In logopädischer Behandlung lernt man Strategien für einen besseren Redefluss. Um diese anwenden zu können, steht dann aber oft das jahrelang geprägte Selbstbild des „Stotterers“ im Weg – der innere Glaubenssatz: „Ich kann nicht reden.“ Wenn das negative Selbstbild sich immer wieder in den Weg stellt, gelingt es manchmal trotz guter und vielfältiger logopädischer Behandlung dennoch nicht, das Geübte im Alltag umzusetzen.
Wenn Sie sich in diesen Schilderungen wiederfinden, dann möchte ich Sie gern ermutigen, sich auf den Weg zu innerer Sicherheit und neuem Selbstvertrauen zu machen, um auch in öffentlichen Situationen sicher sprechen zu können. Gern unterstütze ich Sie dabei.

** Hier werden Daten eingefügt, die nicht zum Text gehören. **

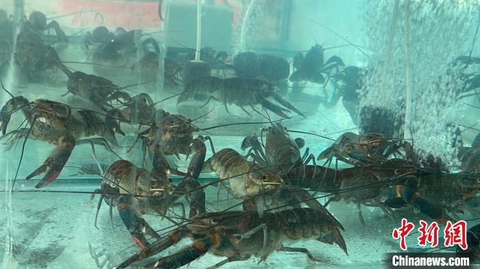 9月7日,記者來到位于新疆喀什麥蓋提縣的澳洲淡水龍蝦養(yǎng)殖基地,圖為養(yǎng)殖的澳洲淡水龍蝦。中新社記者 朱賀 攝

Meine besondere Qualifikation dafür habe ich in fachlichen Weiterbildungen erworben: in PEP®- Therapie (Prozess- und Embodimentfokussierte Psychologie) und systemischer Therapie sowie in meiner eigenen Lebensgeschichte. Ich war als Kind bis ins frühe Erwachsenenalter selbst von Stottern betroffen und habe dies Dank umfangreicher eigener Therapie erfolgreich bewältigt. Heute bin ich neben meiner Arbeit in der psychotherapeutischen Praxis als Dozentin tätig und halte öffentlich Vorträge.

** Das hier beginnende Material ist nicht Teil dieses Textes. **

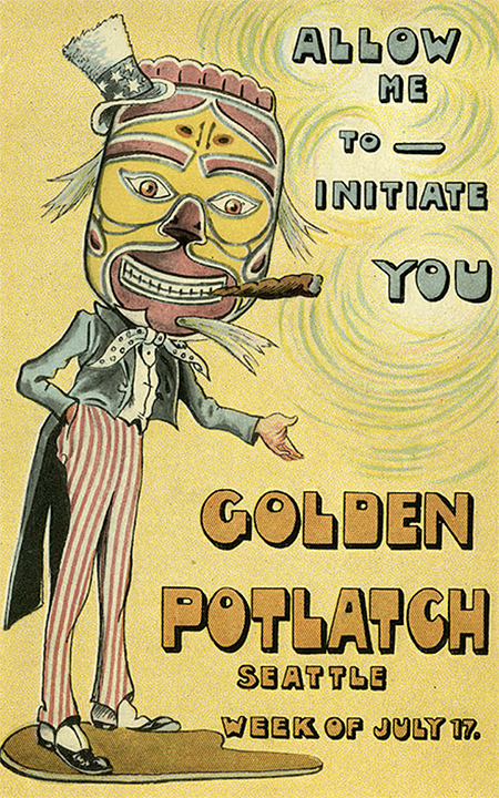 The Potlatch also featured Seattle boosters’ appropriation of First Nations cultures. They formed a fraternal organization called the Tillicum Elttaes — Tilikum meaning family or tribe in Chinook jargon, and Elttaes being Seattle spelled backwards. They wore “red face” and dressed in garb associated with North Coast Native peoples. They performed elaborate initiation rituals, and some even marched in Ku Klux Klan-like robes.

So liegen mir ganz besonders Klienten mit Stimm- und Sprechstörungen am Herzen. Letztlich ist jeder Weg ein sehr individueller. Aber es ist hilfreich, einen Coach an der Seite zu haben, der immer wieder die „Perspektiven für das Unvorstellbare“ in den Fokus rückt und die mentalen Stärken pusht. Das ist meine Berufung. Ich unterstütze Sie auf dem Weg zu einem guten Selbstwertgefühl und angstfreiem Sprechen.

  • zur Person
    schwerpunkt-auftrittscoaching

    Marie A. Bochmann

    BSc. Psychologie Amtsärztlich geprüfte Heilpraktikerin auf dem Gebiet der Psychotherapie

    • Geboren 1972, verheiratet, eine Tochter
    • 2011-2015 Studium Psychologie BSc. Thema der Bachelorarbeit: „Zur Praxis der Aktiven Imagination aus dem Blickwinkel psychotherapeutischer Veränderungsprozesse. Eine Qualitative Pilotstudie“ bei Prof. Dr. phil. Ralf T. Vogel
    • Prozess- und Embodimentfokussierte Psychologie (PEP® nach Dr. Bohne)
    • Zert. Auftrittscoach nach PEP® (Überwindung von Auftritts-, Bewertungs- und Prüfungsängsten)

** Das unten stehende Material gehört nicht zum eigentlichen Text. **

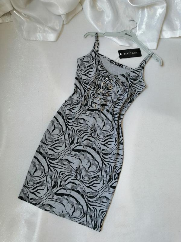 Стрейчевое платье принт зебра с люверсами шнуровка на груди

    • Weiterbildung Systemische Beratung/Therapie (DGSF) am "praxis institut" Hanau/Erfurt
    • Weiterbildung Ego-State-Therapie (EST-DE) am Institut für klinische Hypnose und Ego-State-Therapie (IfHE) Berlin
    Weiterhin:
    • jährliche Teilnahme an Kongressen und Tagungen zur Horizonterweiterung und Weiterbildung
    • Mitglied bei der Deutschen Gesellschaft für Systemische Therapie, Beratung und Familientherapie (DGSF)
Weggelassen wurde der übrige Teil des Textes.